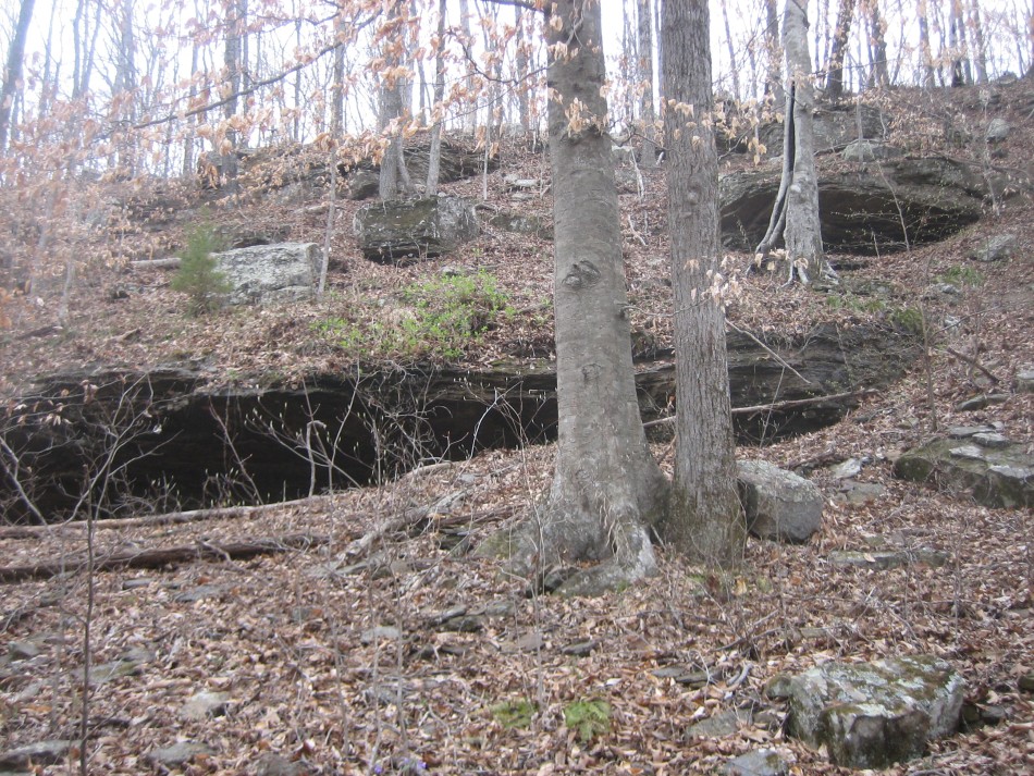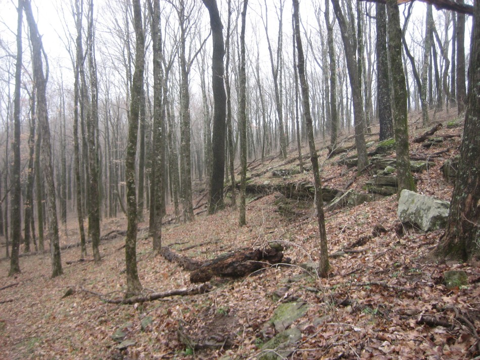 At OHT-18 turn left and cross the Little Mulberry River (video) on a concrete road bridge. No wet feet here no matter how much rain (unless that Noah guy shows up). Stay on the road for 0.3 miles and just past the pasture on the right, turn right and follow the easement. Climbing out of the bar ditch you will see a stand of river cane. Follow the narrow easement for a little over 0.1 miles until the trail enters open forest. The forest up to mile marker 57 is hardwood on a fairly gentle but rocky hillside. Past mile 57, it becomes very rocky with bluffs to your right and boulders the size of a truck. I found this area very scenic. The last part of this section is a boulder hop across Lick Branch. Cross county road 5051 (OHT-17, OHT mile 56.3, trip mile 29.3) and the Lick Branch trailhead is on the right.
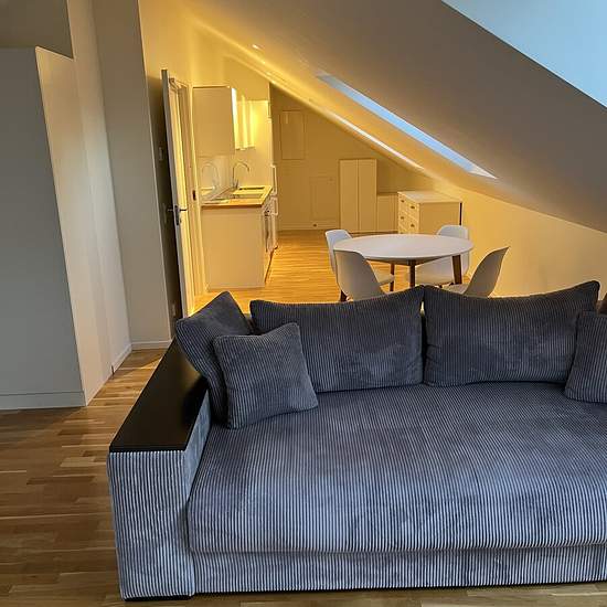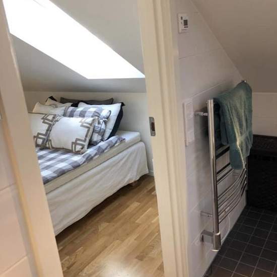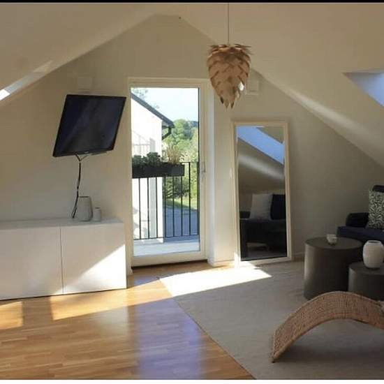 Välkommen till en ljus fin och modern vindslägenhet i trygga lugna slottsområdet Venngarn i Sigtuna! Här har du en liten balkong för 2 i eftermiddags/kvälls-sol, mysigt sovrum med snedtak, spotlights i kök och badrum. Delvis möblerad med köksbord och stolar, stor ny bäddbar Sweef-soffa samt förvaringsmöbler i form av ett antal stilrena vita byråer. Du bor på våning 3/3 med utsikt över natur och hästhagar. Öppen planlösning vardagsrum och kök. Sovrummet separat med dörr . I området har du stora naturområden precis utanför dörren, minigolfb...
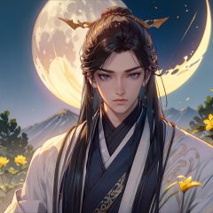 high details, high quality, anatomically correct, textured skin,1 Boy, Male Focus, Long Hair, Solo, Dark Hair, Chinese Costume, Realistic, Blurred, Hairpieces, Outdoors, Polearm, Nature, Looking at Audience, Hand Held,jingxuan,oriental art, wide angle lens, full bright moon in the Sky, Mountains in the distance, rivers in the vicinity, chrysanthemums, osmanthus,

** TASK INSTRUCTIONS **
When you retype the data above, match every line exactly and leave the pictures behind.

** ANSWER FOR THIS EXERCISE **
 At OHT-18 turn left and cross the Little Mulberry River (video) on a concrete road bridge. No wet feet here no matter how much rain (unless that Noah guy shows up). Stay on the road for 0.3 miles and just past the pasture on the right, turn right and follow the easement. Climbing out of the bar ditch you will see a stand of river cane. Follow the narrow easement for a little over 0.1 miles until the trail enters open forest. The forest up to mile marker 57 is hardwood on a fairly gentle but rocky hillside. Past mile 57, it becomes very rocky with bluffs to your right and boulders the size of a truck. I found this area very scenic. The last part of this section is a boulder hop across Lick Branch. Cross county road 5051 (OHT-17, OHT mile 56.3, trip mile 29.3) and the Lick Branch trailhead is on the right.
 Välkommen till en ljus fin och modern vindslägenhet i trygga lugna slottsområdet Venngarn i Sigtuna! Här har du en liten balkong för 2 i eftermiddags/kvälls-sol, mysigt sovrum med snedtak, spotlights i kök och badrum. Delvis möblerad med köksbord och stolar, stor ny bäddbar Sweef-soffa samt förvaringsmöbler i form av ett antal stilrena vita byråer. Du bor på våning 3/3 med utsikt över natur och hästhagar. Öppen planlösning vardagsrum och kök. Sovrummet separat med dörr . I området har du stora naturområden precis utanför dörren, minigolfb...
 high details, high quality, anatomically correct, textured skin,1 Boy, Male Focus, Long Hair, Solo, Dark Hair, Chinese Costume, Realistic, Blurred, Hairpieces, Outdoors, Polearm, Nature, Looking at Audience, Hand Held,jingxuan,oriental art, wide angle lens, full bright moon in the Sky, Mountains in the distance, rivers in the vicinity, chrysanthemums, osmanthus,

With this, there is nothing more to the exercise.